The Mobility Services Platform will be one of the focal businesses to develop for the Company, and the Company expects to closely engage in the operation and supervision of this new business to ensure its commercial development, sound financial performance, and the realization of the synergetic value to be created between the Target and the Company along with its energy industry expertise and strategic partners. 


In China, the new mobility industry represents a fast growing and underpenetrated market opportunity, with an annual transaction volume of more than RMB300 billion that is expected to reach RMB500 billion in 2022. Currently there are more than 10 billion ride orders recorded per year. 
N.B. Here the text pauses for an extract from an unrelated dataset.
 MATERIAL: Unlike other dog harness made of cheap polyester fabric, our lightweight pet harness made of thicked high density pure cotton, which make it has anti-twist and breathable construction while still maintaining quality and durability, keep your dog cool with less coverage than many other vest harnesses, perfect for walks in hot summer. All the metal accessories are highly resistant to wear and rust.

Mobility Services Platform manages hundreds of thousands of drivers and vehicles to supply ride services to online ride-hailing companies including but not limited to Didi. The Target aims to resolve the need of both consumers and relevant regulatory agencies to improve the quality and safety of online ride-hailing services. With the Mobility Services Platform, the Target will charge a take rate from the gross merchandise value (GMV) of every ride it supplies. Value will be created through efficient drivers and fleets management.
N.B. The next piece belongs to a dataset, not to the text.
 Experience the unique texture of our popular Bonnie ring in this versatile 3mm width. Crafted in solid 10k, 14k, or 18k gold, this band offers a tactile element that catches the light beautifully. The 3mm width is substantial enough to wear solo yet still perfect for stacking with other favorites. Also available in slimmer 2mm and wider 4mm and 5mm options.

Mr. LIU Zhihai, Executive Director & President of IDG Energy Investment, commented: “The Target is an optimal quality investment opportunity which can diversify income stream and maximise returns for shareholders. The Transaction will enable us to capture development opportunities in the new mobility industry and increase the efficiency of its fund utilisation. In addition, the Company will also be able to provide fuel cost optimization for the fleet of the Target.”


“We believe that the Target is well positioned to rapidly scale up and we will positively benefit from this new venture through its cash-generating capability, operational sustainability and business scalability.”